Records from a dataset:
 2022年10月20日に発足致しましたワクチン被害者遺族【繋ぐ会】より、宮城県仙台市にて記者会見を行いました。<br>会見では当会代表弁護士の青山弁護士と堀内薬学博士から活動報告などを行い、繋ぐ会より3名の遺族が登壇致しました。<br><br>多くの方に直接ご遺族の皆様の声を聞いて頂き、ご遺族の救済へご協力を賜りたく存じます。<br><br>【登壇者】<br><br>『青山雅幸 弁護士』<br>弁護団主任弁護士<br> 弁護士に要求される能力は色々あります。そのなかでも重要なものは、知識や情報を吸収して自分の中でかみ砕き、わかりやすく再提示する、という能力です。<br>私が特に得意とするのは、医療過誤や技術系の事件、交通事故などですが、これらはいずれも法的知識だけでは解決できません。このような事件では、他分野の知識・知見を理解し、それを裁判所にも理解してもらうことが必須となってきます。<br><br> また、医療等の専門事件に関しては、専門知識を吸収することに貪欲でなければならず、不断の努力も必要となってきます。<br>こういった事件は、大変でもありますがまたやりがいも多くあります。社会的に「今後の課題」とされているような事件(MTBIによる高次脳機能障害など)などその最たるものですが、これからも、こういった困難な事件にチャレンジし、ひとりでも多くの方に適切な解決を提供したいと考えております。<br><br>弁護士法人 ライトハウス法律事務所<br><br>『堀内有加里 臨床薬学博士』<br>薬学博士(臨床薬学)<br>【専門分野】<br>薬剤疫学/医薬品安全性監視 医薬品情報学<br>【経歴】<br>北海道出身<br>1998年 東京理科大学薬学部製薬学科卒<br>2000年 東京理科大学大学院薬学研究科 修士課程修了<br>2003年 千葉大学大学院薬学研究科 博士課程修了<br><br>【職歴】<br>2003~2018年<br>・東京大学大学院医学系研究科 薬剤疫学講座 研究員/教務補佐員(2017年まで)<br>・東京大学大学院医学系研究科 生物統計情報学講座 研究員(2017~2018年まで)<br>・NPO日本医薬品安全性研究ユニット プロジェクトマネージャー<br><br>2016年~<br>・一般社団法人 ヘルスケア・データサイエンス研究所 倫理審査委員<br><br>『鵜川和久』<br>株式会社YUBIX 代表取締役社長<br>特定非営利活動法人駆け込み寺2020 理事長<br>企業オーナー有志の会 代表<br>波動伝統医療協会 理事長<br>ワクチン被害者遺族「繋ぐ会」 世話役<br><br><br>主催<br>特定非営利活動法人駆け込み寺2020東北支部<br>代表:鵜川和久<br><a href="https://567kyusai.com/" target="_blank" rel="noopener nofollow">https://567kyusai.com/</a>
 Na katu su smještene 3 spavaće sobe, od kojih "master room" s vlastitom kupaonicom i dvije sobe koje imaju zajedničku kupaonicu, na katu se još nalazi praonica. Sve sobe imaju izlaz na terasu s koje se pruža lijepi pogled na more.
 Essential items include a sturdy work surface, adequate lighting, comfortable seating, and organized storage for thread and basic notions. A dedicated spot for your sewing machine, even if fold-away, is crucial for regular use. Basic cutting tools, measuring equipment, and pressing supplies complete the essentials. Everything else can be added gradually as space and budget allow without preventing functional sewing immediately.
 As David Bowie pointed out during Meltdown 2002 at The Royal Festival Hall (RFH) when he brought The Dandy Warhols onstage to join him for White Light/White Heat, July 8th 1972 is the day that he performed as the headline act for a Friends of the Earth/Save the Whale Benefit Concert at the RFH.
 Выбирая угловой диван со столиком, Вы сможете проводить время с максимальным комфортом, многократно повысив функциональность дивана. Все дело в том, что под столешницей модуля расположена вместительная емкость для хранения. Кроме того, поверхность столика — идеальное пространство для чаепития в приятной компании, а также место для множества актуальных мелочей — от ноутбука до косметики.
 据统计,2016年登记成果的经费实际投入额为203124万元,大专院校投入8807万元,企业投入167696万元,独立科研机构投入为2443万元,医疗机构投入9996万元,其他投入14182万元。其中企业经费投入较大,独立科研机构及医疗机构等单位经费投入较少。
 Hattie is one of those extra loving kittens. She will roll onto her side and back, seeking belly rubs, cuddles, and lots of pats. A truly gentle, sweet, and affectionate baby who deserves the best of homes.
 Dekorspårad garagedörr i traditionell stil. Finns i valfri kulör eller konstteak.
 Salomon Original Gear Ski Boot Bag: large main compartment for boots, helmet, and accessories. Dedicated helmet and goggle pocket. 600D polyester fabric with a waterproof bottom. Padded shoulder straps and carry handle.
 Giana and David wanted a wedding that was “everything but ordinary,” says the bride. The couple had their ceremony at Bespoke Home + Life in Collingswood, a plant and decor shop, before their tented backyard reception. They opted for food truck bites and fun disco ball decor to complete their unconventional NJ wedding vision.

Description of the task:
Print the entries once more, identical in every line.

Output for this exercise:
 2022年10月20日に発足致しましたワクチン被害者遺族【繋ぐ会】より、宮城県仙台市にて記者会見を行いました。<br>会見では当会代表弁護士の青山弁護士と堀内薬学博士から活動報告などを行い、繋ぐ会より3名の遺族が登壇致しました。<br><br>多くの方に直接ご遺族の皆様の声を聞いて頂き、ご遺族の救済へご協力を賜りたく存じます。<br><br>【登壇者】<br><br>『青山雅幸 弁護士』<br>弁護団主任弁護士<br> 弁護士に要求される能力は色々あります。そのなかでも重要なものは、知識や情報を吸収して自分の中でかみ砕き、わかりやすく再提示する、という能力です。<br>私が特に得意とするのは、医療過誤や技術系の事件、交通事故などですが、これらはいずれも法的知識だけでは解決できません。このような事件では、他分野の知識・知見を理解し、それを裁判所にも理解してもらうことが必須となってきます。<br><br> また、医療等の専門事件に関しては、専門知識を吸収することに貪欲でなければならず、不断の努力も必要となってきます。<br>こういった事件は、大変でもありますがまたやりがいも多くあります。社会的に「今後の課題」とされているような事件(MTBIによる高次脳機能障害など)などその最たるものですが、これからも、こういった困難な事件にチャレンジし、ひとりでも多くの方に適切な解決を提供したいと考えております。<br><br>弁護士法人 ライトハウス法律事務所<br><br>『堀内有加里 臨床薬学博士』<br>薬学博士(臨床薬学)<br>【専門分野】<br>薬剤疫学/医薬品安全性監視 医薬品情報学<br>【経歴】<br>北海道出身<br>1998年 東京理科大学薬学部製薬学科卒<br>2000年 東京理科大学大学院薬学研究科 修士課程修了<br>2003年 千葉大学大学院薬学研究科 博士課程修了<br><br>【職歴】<br>2003~2018年<br>・東京大学大学院医学系研究科 薬剤疫学講座 研究員/教務補佐員(2017年まで)<br>・東京大学大学院医学系研究科 生物統計情報学講座 研究員(2017~2018年まで)<br>・NPO日本医薬品安全性研究ユニット プロジェクトマネージャー<br><br>2016年~<br>・一般社団法人 ヘルスケア・データサイエンス研究所 倫理審査委員<br><br>『鵜川和久』<br>株式会社YUBIX 代表取締役社長<br>特定非営利活動法人駆け込み寺2020 理事長<br>企業オーナー有志の会 代表<br>波動伝統医療協会 理事長<br>ワクチン被害者遺族「繋ぐ会」 世話役<br><br><br>主催<br>特定非営利活動法人駆け込み寺2020東北支部<br>代表:鵜川和久<br><a href="https://567kyusai.com/" target="_blank" rel="noopener nofollow">https://567kyusai.com/</a>
 Na katu su smještene 3 spavaće sobe, od kojih "master room" s vlastitom kupaonicom i dvije sobe koje imaju zajedničku kupaonicu, na katu se još nalazi praonica. Sve sobe imaju izlaz na terasu s koje se pruža lijepi pogled na more.
 Essential items include a sturdy work surface, adequate lighting, comfortable seating, and organized storage for thread and basic notions. A dedicated spot for your sewing machine, even if fold-away, is crucial for regular use. Basic cutting tools, measuring equipment, and pressing supplies complete the essentials. Everything else can be added gradually as space and budget allow without preventing functional sewing immediately.
 As David Bowie pointed out during Meltdown 2002 at The Royal Festival Hall (RFH) when he brought The Dandy Warhols onstage to join him for White Light/White Heat, July 8th 1972 is the day that he performed as the headline act for a Friends of the Earth/Save the Whale Benefit Concert at the RFH.
 Выбирая угловой диван со столиком, Вы сможете проводить время с максимальным комфортом, многократно повысив функциональность дивана. Все дело в том, что под столешницей модуля расположена вместительная емкость для хранения. Кроме того, поверхность столика — идеальное пространство для чаепития в приятной компании, а также место для множества актуальных мелочей — от ноутбука до косметики.
 据统计,2016年登记成果的经费实际投入额为203124万元,大专院校投入8807万元,企业投入167696万元,独立科研机构投入为2443万元,医疗机构投入9996万元,其他投入14182万元。其中企业经费投入较大,独立科研机构及医疗机构等单位经费投入较少。
 Hattie is one of those extra loving kittens. She will roll onto her side and back, seeking belly rubs, cuddles, and lots of pats. A truly gentle, sweet, and affectionate baby who deserves the best of homes.
 Dekorspårad garagedörr i traditionell stil. Finns i valfri kulör eller konstteak.
 Salomon Original Gear Ski Boot Bag: large main compartment for boots, helmet, and accessories. Dedicated helmet and goggle pocket. 600D polyester fabric with a waterproof bottom. Padded shoulder straps and carry handle.
 Giana and David wanted a wedding that was “everything but ordinary,” says the bride. The couple had their ceremony at Bespoke Home + Life in Collingswood, a plant and decor shop, before their tented backyard reception. They opted for food truck bites and fun disco ball decor to complete their unconventional NJ wedding vision.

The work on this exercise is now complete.